Василий Дмитриевич помрачнел и ответил, явно волнуясь, хотя и стараясь подбирать слова.
— Видите ли, у Советской власти с казаками с самого начала как-то не сложились отношения. В ответ на активное непризнание со стороны казаков уже во время гражданской войны на них был обрушен ряд массированных репрессий, так называемое «расказачивание». Затем, в начале 30-х годов, во время коллективизации, в случае убийства уполномоченных по проведению коллективизации (а такие бывали), те станицы, в которых произошло убийство, окружали войска НКВД. Затем жителей уничтожали, опустевшие станицы переименовывали и заселяли новыми людьми.
Так что, повторяю, не удивляйтесь недружелюбному отношению и старайтесь проявлять терпимость.
Да… хорошенькие условия для работы нас ждут.

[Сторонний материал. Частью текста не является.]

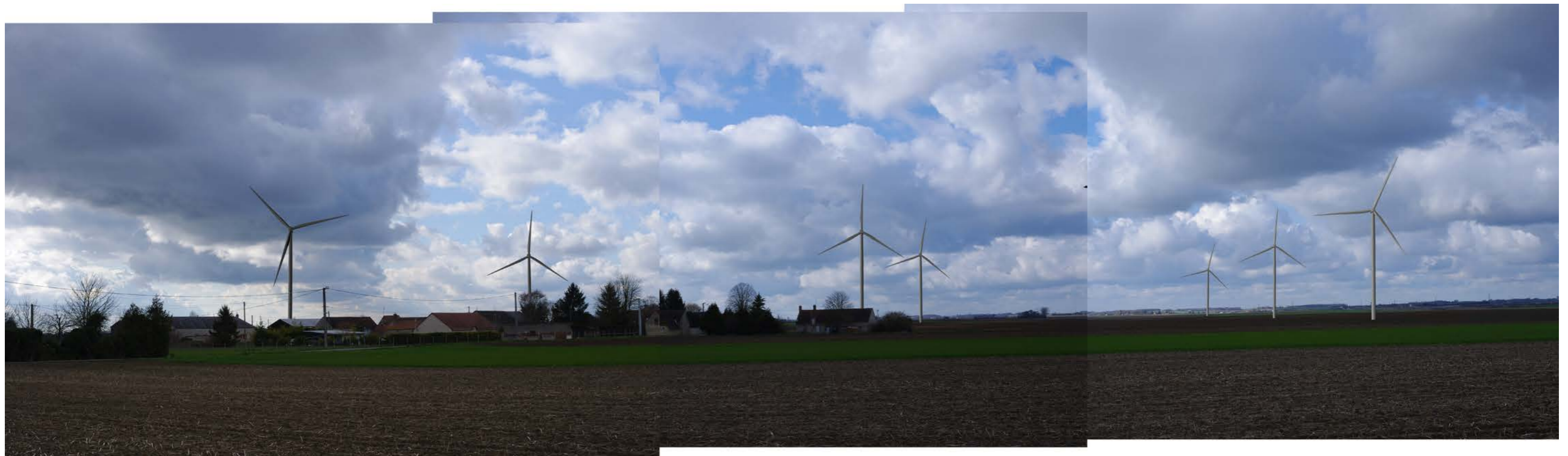
Fig.92: Photomontage (panorama de 3 photos - 35 mm éq. 52 mm argentiques).

Les 3 lignes du parc sont bien lisibles. La position des éoliennes au-dessus des habitations induit un effet de surplomb.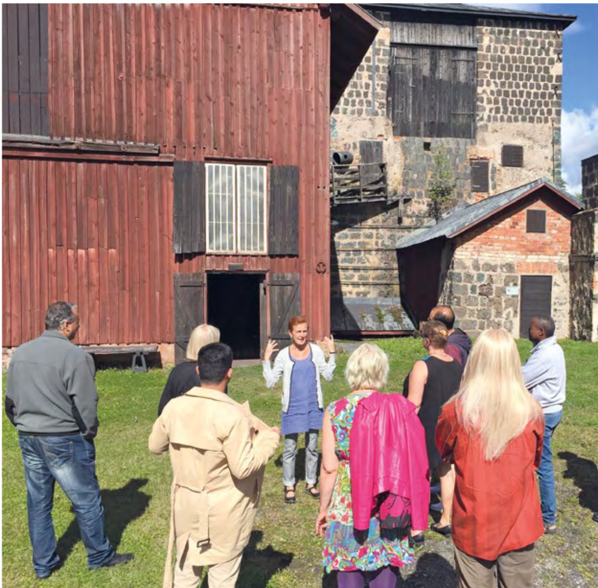
Under sommaren genomfördes guidningar på arabiska och svenska varje lördag.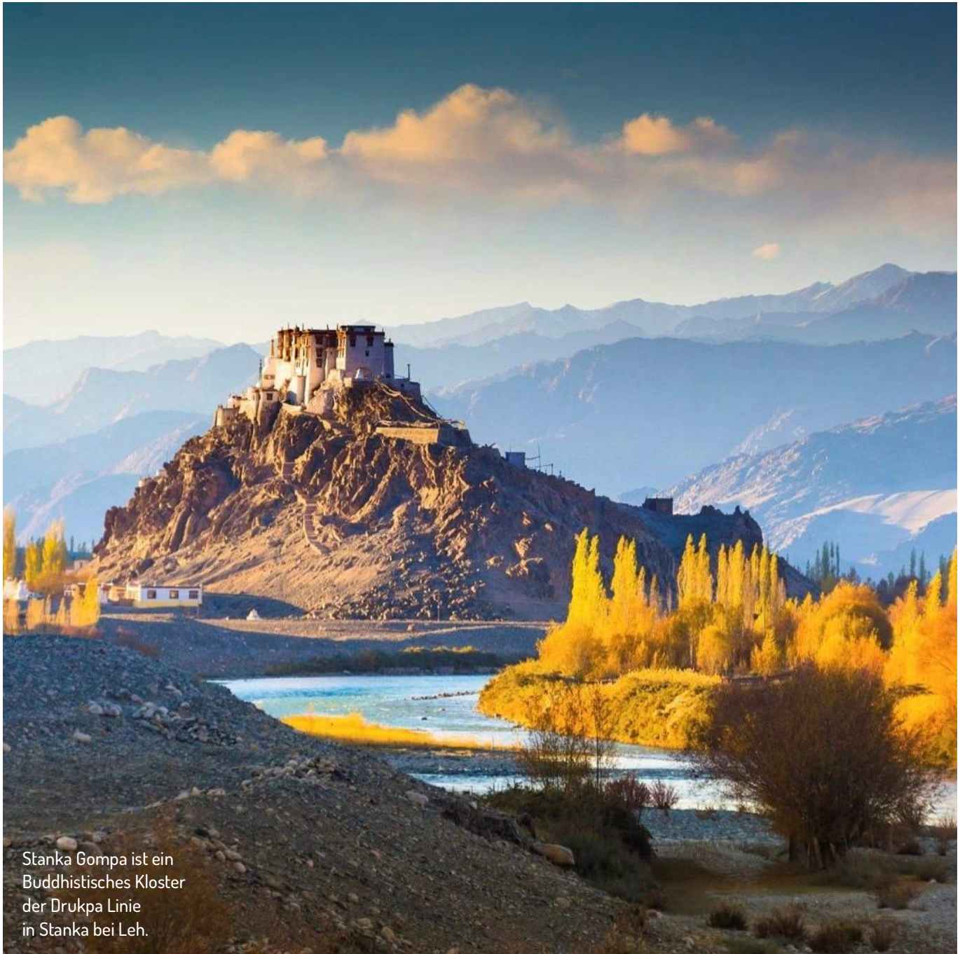
Stanka Gompa ist ein Buddhistisches Kloster der Drukpa Linie in Stanka bei Leh.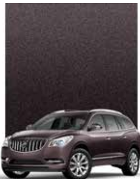
IRIDIUM MÉTALLISÉ 1,2,3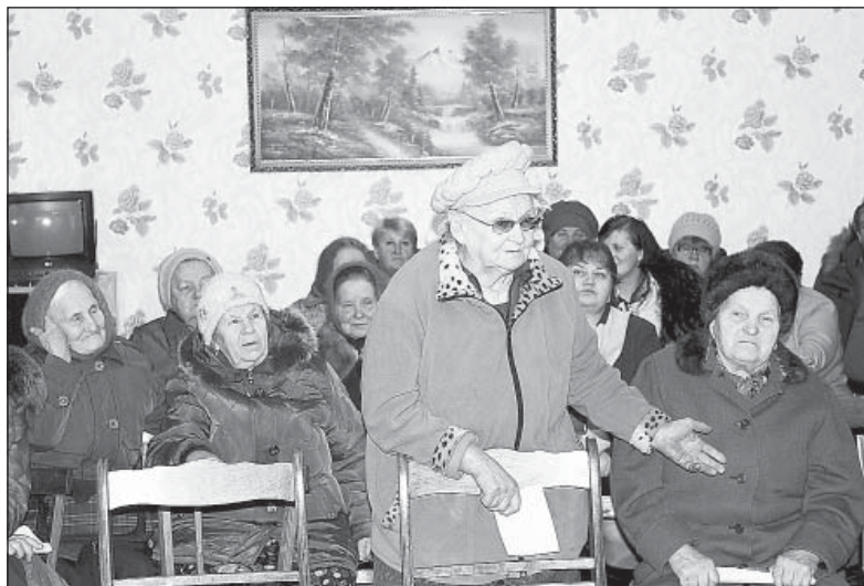
На встрече в Климушинском поселении

ствующим. К сожалению, всю концертную программу депутату посмотреть не удалось, поскольку через сорок минут была запланирована встреча с руководителями сельхозпредприятий, которые занимаются молочным животноводством.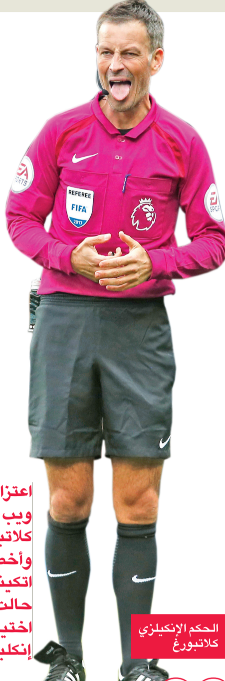
الحكم الإنكليزي كلاتبورغ

لم يحظ أي حكم إنكليزي بثقة الاتحاد الدولي لكرة القدم من أجل إدارة مباريات مونديال روسيا، الذي ينطلق يونيو المقبل، وأثار هذا الأمر حفيظة الإنكليز، الذين سعوا إلى اختيار ممثل لهم في القائمة دون جدوى.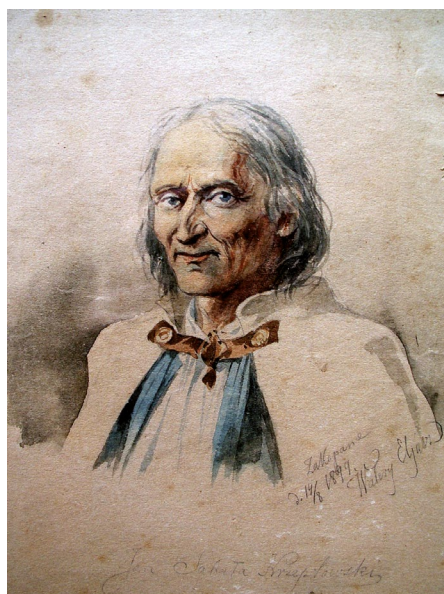
Jan Sabala Krzeptowski – akwarela. Źródło: Wikimedia Commons. Autor: Walery Eljasz-Radzikowski. W domenie publicznej.

W kwietniu minął rok od powstania Dnia Sztuki w Wikipedii pod patronatem Czy wiesz. Pomysłodawcami byli Staszek99 i Adamt . Celem inicjatywy było propagowanie, poprzez tworzenie nowych artykułów, szeroko rozumianej sztuki. Początkowo aktywność uczestników głównie koncentrowała się na opisach obrazów wielkich mistrzów malarstwa. Dwanaście miesięcy podzielono na dwanaście te-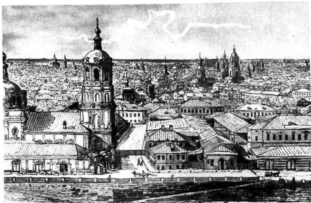
Замоскворечье. С литографии начала XIX века.

Александр Николаевич Островский родился 12 апреля (31 марта по ст. ст.) 1823 года в Москве, в Замоскворечье. Отец его служил в Московском коммерческом суде, выделяясь среди чиновников своим умом и начитанностью. Рано овдовев, он женился снова. Однако вторая жена не занималась детьми мужа от первого брака, поэтому будущий писатель все детство был предоставлен сам себе и рано пристрастился к чтению.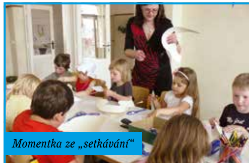
Momentka ze „setkávání“

ve třídě s přípravou na budoucí výuku a slavnostní pasování budoucích prvňáčků.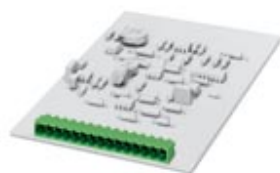
Корпусная часть для печатных плат, полюсов: 6, размер шага: 5,08 мм, цвет: зеленый

Обратите внимание на то, что приведенные здесь данные взяты из online-каталога. Полная информация и данные содержатся в документации пользователя. Действуют Общие условия использования для информации, загруженной из интернета. ( http://phoenixcontact.ru/download )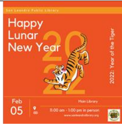
農曆新年慶祝活動 2月5日(週六)上午11時-下午1時 總圖書館的戶外活動(若天氣允許)

參加由聖利安住歷史博物館 (San Leandro History Museum) 職員每月舉辦的 Zoom 讀書會。活動開放給所有有興趣的成年人參加，一起討論書本。本月的 Zoom 讀書會開放給所有有興趣討論書本的成年人參與。不愛歷史小說書籍？我們歡迎所有讀者（不論書籍類型和興趣）加入我們，討論他們正閱讀的書籍，或者只是來聊天，從社區中的其他參與者獲得一些推介。本讀書會沒有任何要求，你可以只來一次或定期出席，即使不是讀者或只想前來聽聽他人討論其正在閱讀的書籍，也都歡迎！（ 請報名參加以獲取 Zoom 會議連結 ）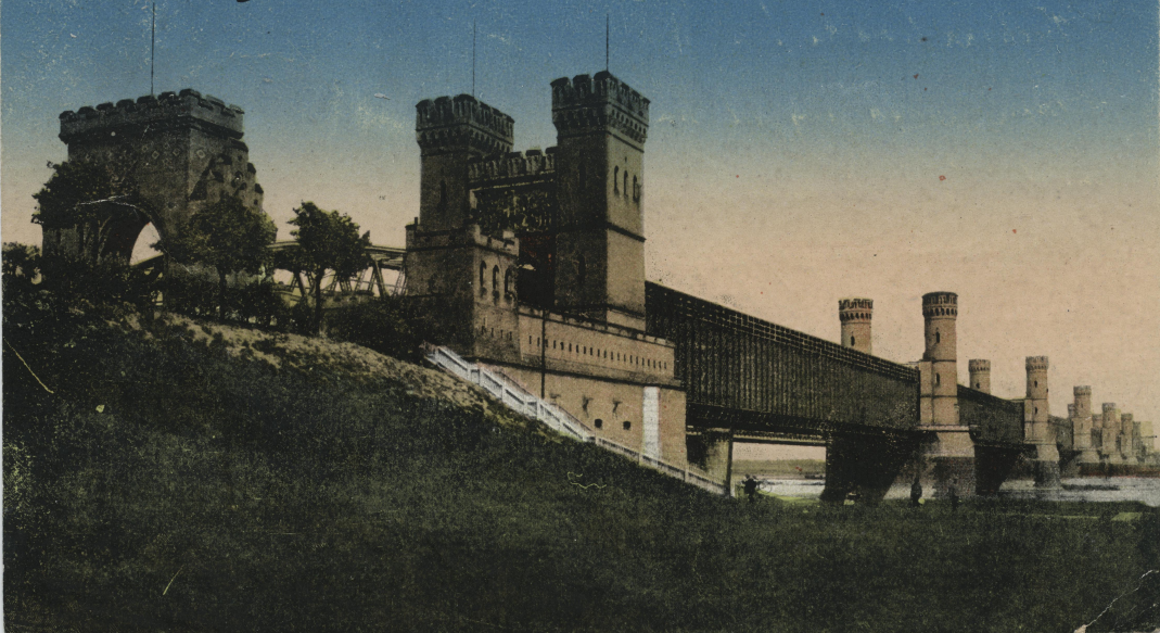
Tczew Dirschau. Brücke über die Weichsel.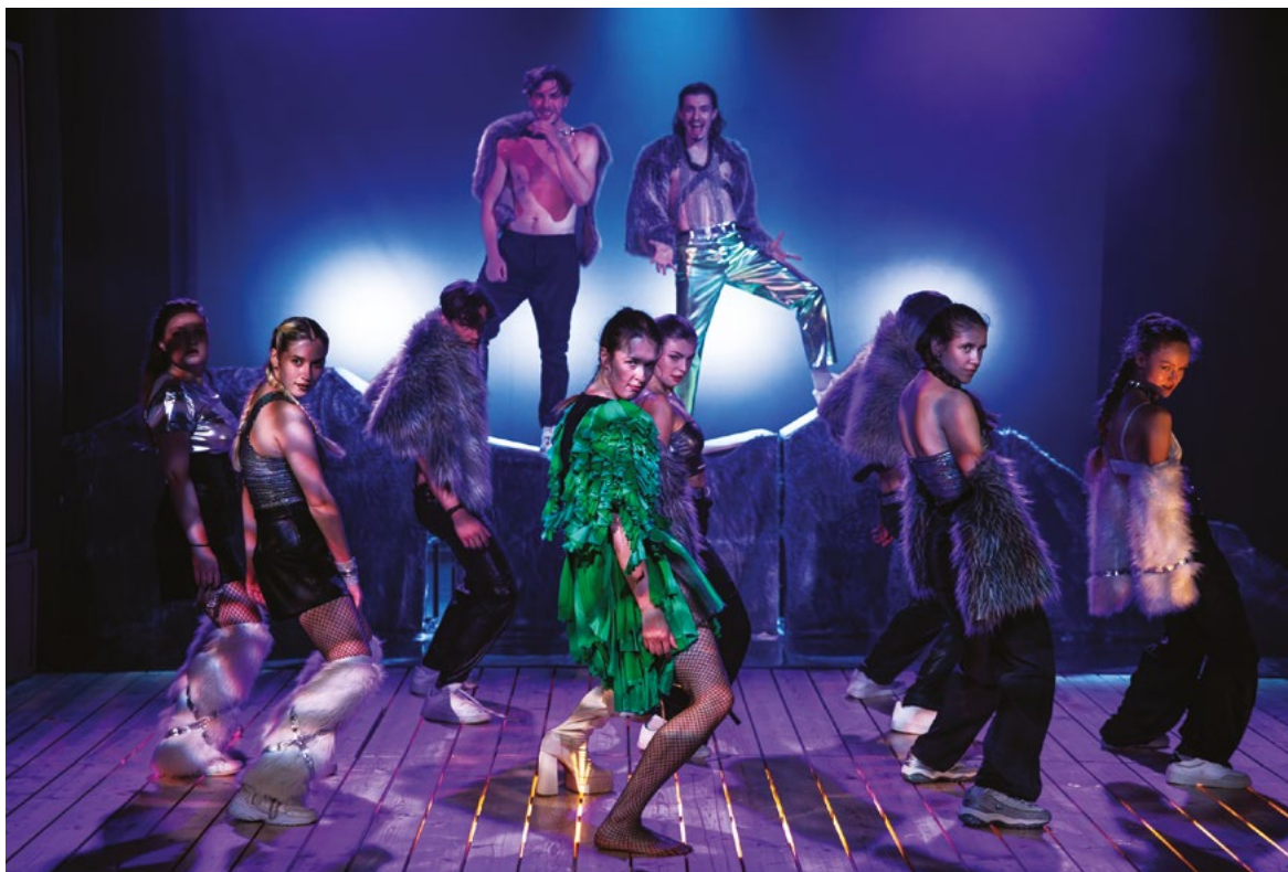
Inscenace Peer Gynt

Василий Дмитриевич знал, что говорит. В этом мы убедились на следующий же день, выехав на работу в сельскую местность. Такие уютные, богатые станицы, с прекрасными приусадебными садами, с чистыми — ослепительно белыми, зелеными и голубыми — хатами, нас встречали с нескрываемой враждебностью. Можно было пройти по прямой и обычно очень длинной главной улице станицы, в каждой хате прося напиться воды, и хорошо, если в двадцатой или тридцатой дадут. А чаше всего недобро посмотрят и молча захлопнут дверь. А на ночевку можно было устроиться только у тех солдатских вдов, чьи мужья погибли, сражаясь в Красной армии. Невольно появилось какое-то чувство вины перед станичниками, хотя лично никто из нас "ни сном, ни духом" ничем их не обидел…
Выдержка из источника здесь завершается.